▶ Task brief
In the entries below, which lines run from the one containing "Men and women" to the one containing "This is a gorgeous"? Copy exactly those lines, ends included, and no others.

Segment Start: Task data

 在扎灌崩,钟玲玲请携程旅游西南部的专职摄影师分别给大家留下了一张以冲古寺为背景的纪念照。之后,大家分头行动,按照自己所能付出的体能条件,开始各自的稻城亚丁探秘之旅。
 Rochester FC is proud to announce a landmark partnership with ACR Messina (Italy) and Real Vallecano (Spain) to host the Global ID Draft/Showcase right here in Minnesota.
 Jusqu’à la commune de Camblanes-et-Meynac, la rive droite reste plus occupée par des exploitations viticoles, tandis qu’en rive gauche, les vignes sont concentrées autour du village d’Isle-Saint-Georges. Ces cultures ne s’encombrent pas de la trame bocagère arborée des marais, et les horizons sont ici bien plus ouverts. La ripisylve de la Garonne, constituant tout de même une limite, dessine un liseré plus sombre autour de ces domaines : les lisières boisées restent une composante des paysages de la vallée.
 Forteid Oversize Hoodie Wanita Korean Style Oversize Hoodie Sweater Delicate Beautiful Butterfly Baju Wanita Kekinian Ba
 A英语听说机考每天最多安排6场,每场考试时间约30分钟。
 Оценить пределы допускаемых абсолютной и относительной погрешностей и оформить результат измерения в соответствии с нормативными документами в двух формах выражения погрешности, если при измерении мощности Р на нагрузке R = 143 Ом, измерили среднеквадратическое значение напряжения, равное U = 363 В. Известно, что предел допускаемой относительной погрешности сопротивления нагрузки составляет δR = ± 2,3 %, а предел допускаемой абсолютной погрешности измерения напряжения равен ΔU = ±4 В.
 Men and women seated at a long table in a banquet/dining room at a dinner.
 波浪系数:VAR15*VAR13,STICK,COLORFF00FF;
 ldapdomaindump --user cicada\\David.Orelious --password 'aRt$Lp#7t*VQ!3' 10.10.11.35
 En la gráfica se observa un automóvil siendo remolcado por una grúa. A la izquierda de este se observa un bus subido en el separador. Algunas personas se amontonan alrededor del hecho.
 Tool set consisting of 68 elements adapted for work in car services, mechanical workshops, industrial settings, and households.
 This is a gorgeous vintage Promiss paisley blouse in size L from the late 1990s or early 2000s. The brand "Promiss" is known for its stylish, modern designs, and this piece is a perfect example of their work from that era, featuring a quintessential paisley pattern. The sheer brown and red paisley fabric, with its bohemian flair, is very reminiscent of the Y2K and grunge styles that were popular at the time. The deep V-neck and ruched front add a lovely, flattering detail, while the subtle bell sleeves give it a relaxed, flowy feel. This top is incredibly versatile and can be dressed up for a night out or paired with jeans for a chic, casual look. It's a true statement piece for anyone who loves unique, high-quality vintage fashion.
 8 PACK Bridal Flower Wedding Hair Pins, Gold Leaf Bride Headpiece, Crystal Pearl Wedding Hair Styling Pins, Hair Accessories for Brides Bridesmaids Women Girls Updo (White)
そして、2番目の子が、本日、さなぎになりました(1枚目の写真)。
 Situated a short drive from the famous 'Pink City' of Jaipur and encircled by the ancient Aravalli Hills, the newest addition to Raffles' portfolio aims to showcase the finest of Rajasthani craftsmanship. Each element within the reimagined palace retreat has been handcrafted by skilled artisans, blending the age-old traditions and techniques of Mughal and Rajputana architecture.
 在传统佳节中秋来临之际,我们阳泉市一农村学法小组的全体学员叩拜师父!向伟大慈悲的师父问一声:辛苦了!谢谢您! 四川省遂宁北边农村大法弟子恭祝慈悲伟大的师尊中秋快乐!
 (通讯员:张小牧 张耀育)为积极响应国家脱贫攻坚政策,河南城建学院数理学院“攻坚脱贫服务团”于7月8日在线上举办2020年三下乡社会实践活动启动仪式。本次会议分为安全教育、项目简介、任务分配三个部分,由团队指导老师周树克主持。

Segment End: Task data

▶ Answer below
 Men and women seated at a long table in a banquet/dining room at a dinner.
 波浪系数:VAR15*VAR13,STICK,COLORFF00FF;
 ldapdomaindump --user cicada\\David.Orelious --password 'aRt$Lp#7t*VQ!3' 10.10.11.35
 En la gráfica se observa un automóvil siendo remolcado por una grúa. A la izquierda de este se observa un bus subido en el separador. Algunas personas se amontonan alrededor del hecho.
 Tool set consisting of 68 elements adapted for work in car services, mechanical workshops, industrial settings, and households.
 This is a gorgeous vintage Promiss paisley blouse in size L from the late 1990s or early 2000s. The brand "Promiss" is known for its stylish, modern designs, and this piece is a perfect example of their work from that era, featuring a quintessential paisley pattern. The sheer brown and red paisley fabric, with its bohemian flair, is very reminiscent of the Y2K and grunge styles that were popular at the time. The deep V-neck and ruched front add a lovely, flattering detail, while the subtle bell sleeves give it a relaxed, flowy feel. This top is incredibly versatile and can be dressed up for a night out or paired with jeans for a chic, casual look. It's a true statement piece for anyone who loves unique, high-quality vintage fashion.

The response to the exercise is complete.